The economic outlook for Nigeria shows mixed signals that are disturbing. Lawmakers at the National Assembly complained on the floor of the House on the need to summon the CBN Governor to explain the reasons behind the ban on foreign currency deposits. The lawmakers pointed out that entrepreneurs and traders, who are mostly affected by the decision, cannot afford to transfer foreign currency funds sourced from the parallel market to their off shore suppliers. This also applies to some multinational companies and other indigenous firms with expatriate staff who are finding it difficult to pay them their salaries, often in foreign currency.

Meanwhile the President promised to start the trial of those that looted the Nigerian treasury during the government of President Jonathan. He restated that the trial will commence in few weeks.

Energy crisis over?
The energy crisis appears to have subsided as the past months of chaotic fuel queues and absence of electricity appear to be fading into memory.

Sources say the owners of the distribution companies are making frantic efforts to justify the huge federal government intervention in the sector via all kinds of loans and grants, especially given the current government’s commitment to make them to account for previous funds given, and deadlines to recall the bank guarantee on those facilities.

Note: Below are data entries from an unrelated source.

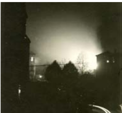
Die Synagoge brennt!

Den Höhepunkt der Ausschreitungen bildete die Zerstörung der Synagoge. Sie soll sich folgendermaßen abgespielt haben: „Angehörige der Hitler-Jugend drangen nach Demolierung der Buntglasfenster in das Gebäude ein und zerstörten außer der Bestuhlung, der Orgel, dem Leuchter und dem Toraschrank auch das Bronzedenkmal mit den Namen der 23 Gefallenen der jüdischen Gemeinde im Ersten Weltkrieg. Nur die Torarollen konnten gerettet werden. ...“ Am späten Abend legten dann SA-Männer im zerstörten Synagogengebäude Feuer. Die anrückende Feuerwehr wurde am Löschen gehindert, bis das Gebäude niedergebrannt war.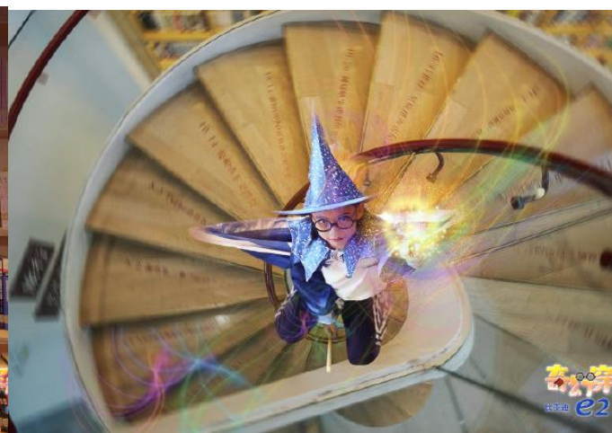
艺术空间玩转想象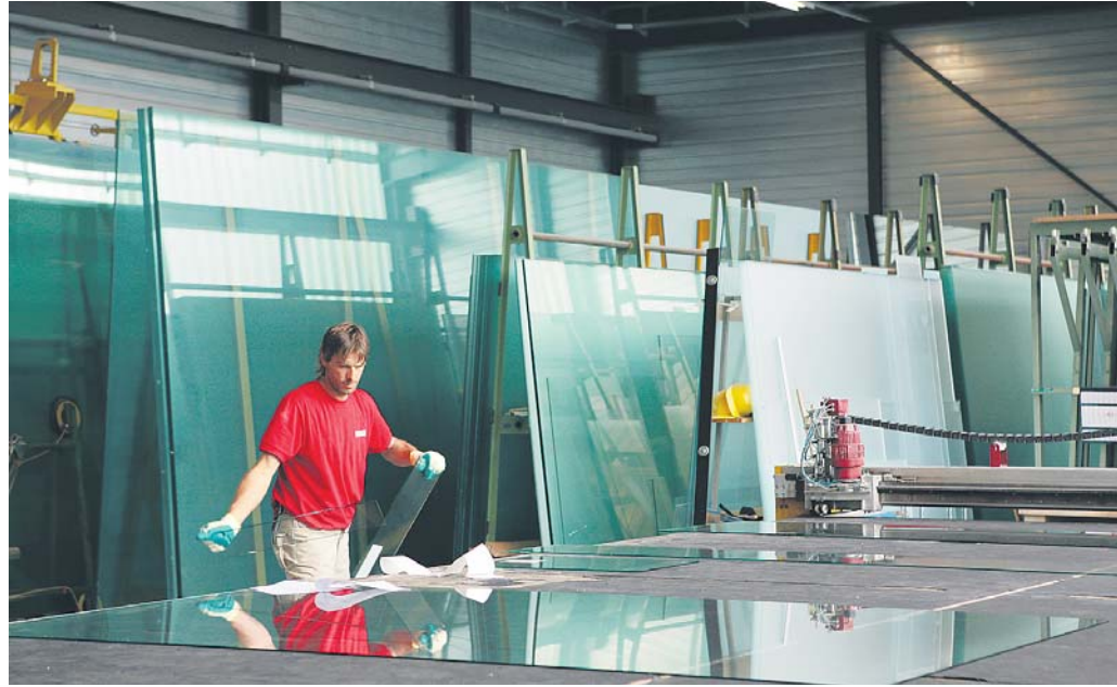
Vorsicht Glas. Das Glas wird in 6 mal 3 Meter grossen Scheiben bezogen und dann zugeschnitten.

Die Blaser AG feiert ihr 125-jähriges Jubiläum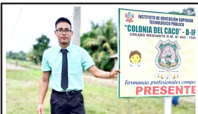
Con gastronomía y deporte celebra 78 años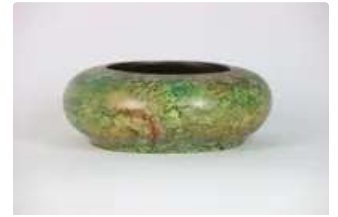
Lot n°142 BOUILLET Jean-Noël (né en 1943). Vasque en céramique...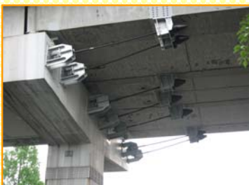
落橋防止装置の例①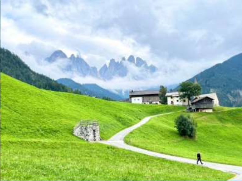
Santa Maddalena - Val di Funes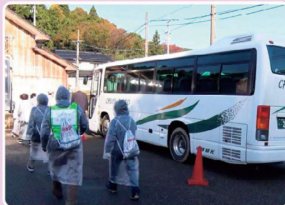
一時集合場所でバスに乗り込む様子

On the petrol supply side, marketers and oil traders are owing the NNPC and by extension the FG a few dozen cargoes of petrol from the crude oil swap deal, and which many of them failed to deliver or allegedly diverted to other countries.

Deby shows up again
The President has given service chiefs 90 days to end the insurgency. A tall order no doubt, but one that is achievable with the right mix of political will, equipment for the frontline troops, and proper intelligence.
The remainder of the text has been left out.